Conditions colorectal cancer, metastatic cancer
Treatments fluorouracil, isolated perfusion, leucovorin calcium
Phase phase 3
Sponsor Medical Research Council
Start date December 1994
Trial size 312 participants
Trial identifier NCT00002692, CDR0000064434, EU-95032, MRC-CR05

Summary

RATIONALE: Drugs used in chemotherapy use different ways to stop tumor cells from dividing so they stop growing or die. Combining more than one drug may kill more tumor cells.

PURPOSE: Randomized phase III trial to compare the effectiveness of intravenous infusion or intrahepatic infusion of fluorouracil and leucovorin in treating patients with colorectal cancer metastatic to the liver.
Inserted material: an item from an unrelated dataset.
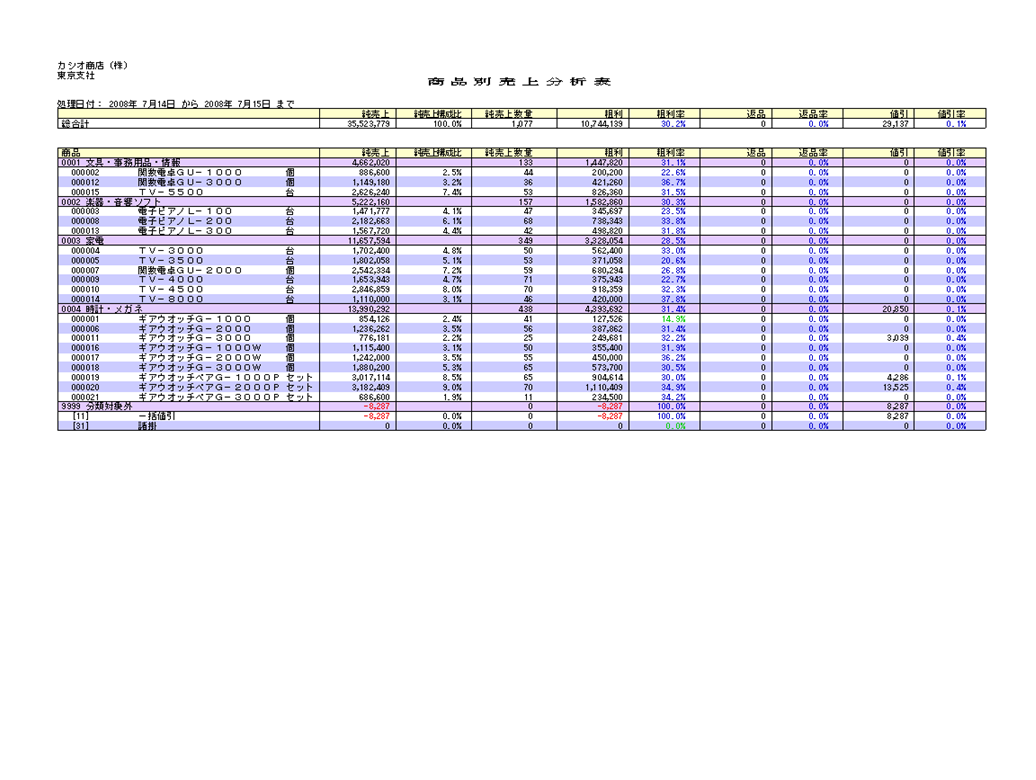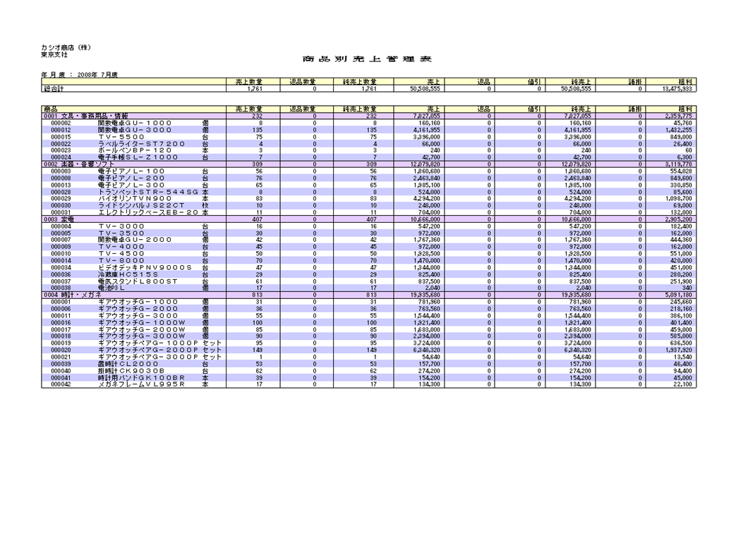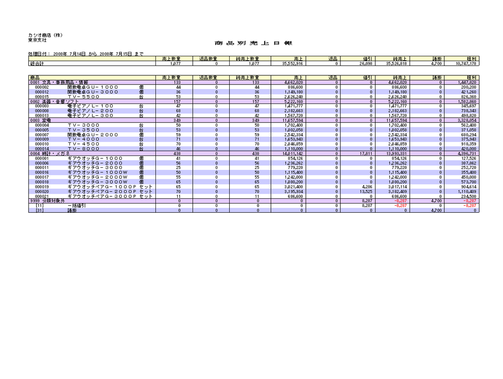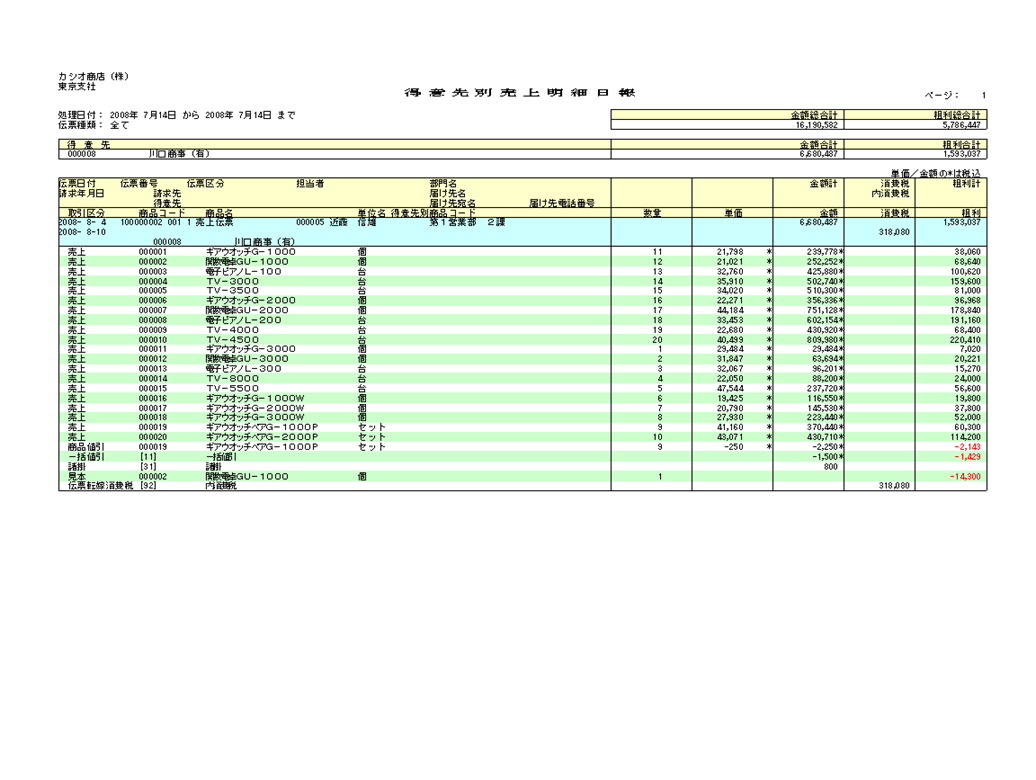 カシオの楽一は、売上伝票をもとに、得意先・商品・担当者別に出力できます。

United States No locations recruiting
Other Countries No locations recruiting

Study Design

Allocation randomized
Primary purpose treatment

Eligibility Criteria

Male or female participants of any age.

DISEASE CHARACTERISTICS: Histologically confirmed adenocarcinoma of the colon or rectum with metastases confined to the liver and not amenable to surgery PATIENT CHARACTERISTICS: Age: Any age Performance status: WHO 0-2 Life expectancy: More than 3 months Hematopoietic: WBC at least 3,000/mm3 Absolute neutrophil count at least 1,500/mm3 Platelet count at least 100,000/mm3 Hepatic: Bilirubin less than 3.5 mg/dL (50 micromoles/liter) Renal: Not specified Cardiovascular: No uncontrolled heart disease (e.g., congestive heart failure, angina) Other: No uncontrolled infection No other uncontrolled medical illness PRIOR CONCURRENT THERAPY: No prior fluorouracil (5-FU) for advanced disease More than 6 months since adjuvant 5-FU (e.g., in AXIS or QUASAR studies)

Additional Information

Official title A RANDOMISED TRIAL OF INTRAVENOUS VERSUS INTRAHEPATIC ARTERIAL 5-FU AND LEUCOVORIN FOR COLORECTAL LIVER METASTASES
Description OBJECTIVES: I. Compare the survival and response rates of patients with colorectal liver metastases treated with intravenous vs. intrahepatic arterial infusion of fluorouracil/leucovorin. II. Assess the effect of these 2 treatments on symptoms and quality of life of these patients. OUTLINE: Randomized study. Patients randomized to Arm II should have a preoperative hepatic angiography; at laparotomy, an intrahepatic arterial catheter is fused into the gastroduodenal artery to establish an infusion of both lobes of the liver. Arm I: Single-Agent Chemotherapy with Drug Modulation. Fluorouracil, 5-FU, NSC-19893; with Leucovorin calcium, CF, NSC-3590. Intravenous infusion. Arm II: Single-Agent Chemotherapy with Drug Modulation. 5-FU; with CF. Intrahepatic arterial infusion. PROJECTED ACCRUAL: 312 patients are expected to be randomized within 3-4 years.
Trial information was received from ClinicalTrials.gov and was last updated in December 2013.
Information provided to ClinicalTrials.gov by National Cancer Institute (NCI).